Alle notwendigen Infos stehen in den 6000 anderen Themen, einfach mal die Seiten hier durchgucken. Bei dem Budget ist was gebrauchtes auf jeden Fall der richtige Weg.


----------



## MTB-News.de




----------



## Martini99 (21. Mai 2012)

Ich hab mir schon ein paar Threads durchgelesen, aber ich weiß immer noch nicht wie lang mein Oberrohr sein sollte bei meiner Größe. Am Dirtradl hab ich ein Oberrohr von 550mm, aber dass ist beim Bmx bestimmt anders oder?


----------



## Daniel_D (22. Mai 2012)

21" das Sputnic im Bikemarkt ist ein mehr als ordentliches Rad zu dem Preis.

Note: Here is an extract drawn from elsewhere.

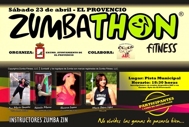 El sábado día 23 de abril, a las 18:30 horas en nuestra pista municipal, ¡gran ZUMBATHON en El Provencio! Evento organizado por nuestro Excmo. Ayuntamiento y con la colaboración del Centro Deportivo J&C, se realizará bajo la dirección de cuatro instructoras oficiales de zumba (ZIN).

Was Besseres findest du mit Sicherheit kaum.


----------



## Martini99 (22. Mai 2012)

Danke, hat sich erledigt.


----------



## silvy (24. Juni 2012)

Ich hätte fürn schmalen Taler ein BMX von Subrosa abzugeben.
Kannst mir ja 'ne PN schreiben.


----------



## RISE (24. Juni 2012)

Verkaufsangebote NUR im Verkaufsforum oder Bikemarkt.


----------